ただ、彼の中のその「倒れる」という現象に対する
認識が少し違っていました。
「体調が悪い時に、血を抜かれるから貧血で倒れてしまう。」
と解釈していたのです。
そのため、今回は、
「体調も悪くなく、少量の注射を入れるだけだから、倒れない。
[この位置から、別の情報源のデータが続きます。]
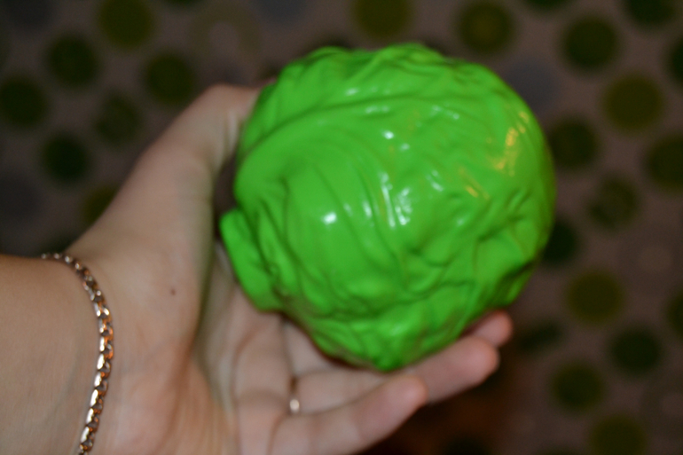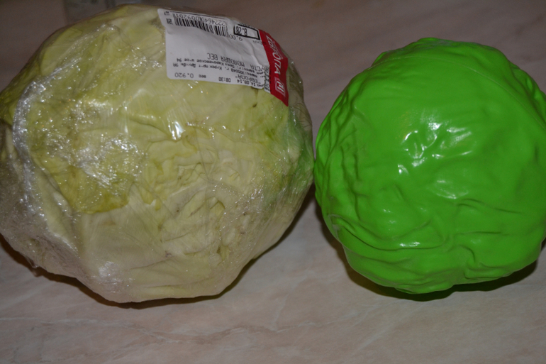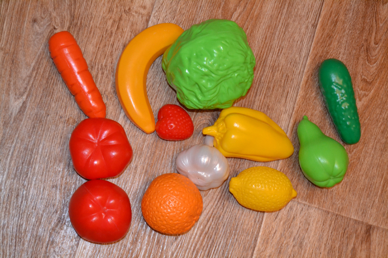 Реалистичные муляжи (и по цвету и по размеру), крепкая пластмасса, нет запаха. 13шт: капуста, помидор, кукуруза, морковь, огурец, перец, чеснок, яблоко, груша, банан, клубника, лимон, апельсин
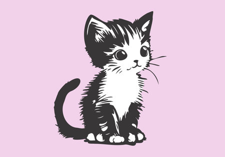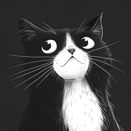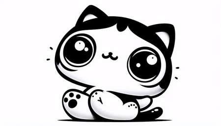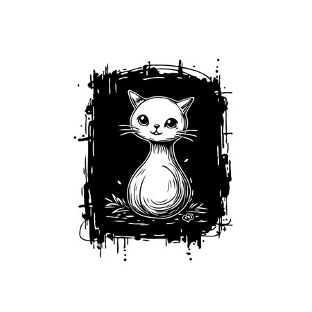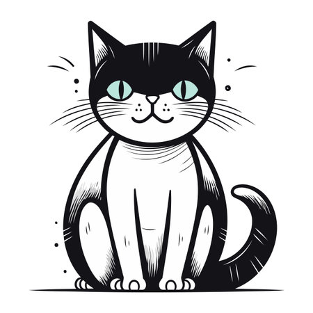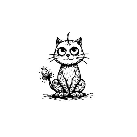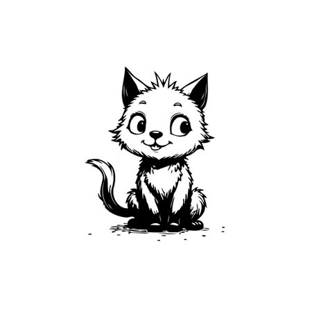 A charming cartoon cat illustration, rendered in monochrome with bold outlines and detailed fur texture. Ideal for children's books, educational materials, or playful graphic designs. This adorable

」
と思い、
私たちにも、何も伝えなかったそうです。
確かに、一般の人からすれば、
「倒れる=貧血」
だと思うでしょう。
しかし、採血時など
針を刺されたことによって起こる失神は
血を抜く抜かないや、貧血は関係ありません。
みなさんもご存じのように、
血管迷走神経反射性失神とは、
針の穿刺によるストレスや痛み、排泄時などの刺激が、
迷走神経を介して脳幹血管運動中枢を刺激し、
心拍数の低下や、血管拡張による血圧低下などをきたす、
「生理的」反応です。
(参考:日本救急医学会 医学用語解説集)
ですから、失神を起こす方が
身体的・精神的に他の人に比べて
弱いわけではありません。
点滴を受けながら、倒れた彼は
「恥ずかしいなあ…。
もう、ひ弱キャラが定着してしまいます」
とおっしゃっていましたが、
決してそんなことない!
彼の名誉の為にも声を大にして言いますが、
この体質の方は、
たとえムキムキの格闘家だって
倒れる時は、倒れます。
そう。
まさに生理的反応なのです。
今回のことはマツコにとって、
とても教訓になりました。
彼のように倒れてしまう原因を、
誤解したままの患者さんも多いと思います。
今まで、
マツコが講師を担当している採血セミナーでは、
血管迷走神経反射性失神の
「対処法」を中心にお話していましたが…
血管迷走神経反射性失神に対する
「正しい説明の大切さ」を
今後の講義内容に入れようと思います。
今回は、たまたま
一度壁に寄りかかりながら、ゆっくりと倒れたため、
大きな問題にはなりませんでしたが…
これがストレートに後頭部から倒れ、
何か硬いものに頭をぶつけたら…
最悪のケースでは、亡くなってしまうことだってあり得ます。
医療者側の説明不足が、
患者さんの間違った認識につながり、
その方を危険にさらしてしまう…。
もちろん、
どの医療機関でも説明をしているとは思いますが、
やはり「患者さんに伝わっているかどうか」が大切!
私たち、
医療者にとって「あたりまえのこと」でも、
患者さんにとっては「???」のことがいっぱいです。
患者さんのちょっとした言動を見逃さず、
「認識にズレ」がないかを確認する!
できるだけわかりやすく、
次の危険を回避できるよう、
丁寧に説明していきたいですね。
医療者と患者さんに間には、
「常識のズレ」がたくさんある……。
そんな、大切だけど忘れがちなことを
あらためて再認識した出来事でした。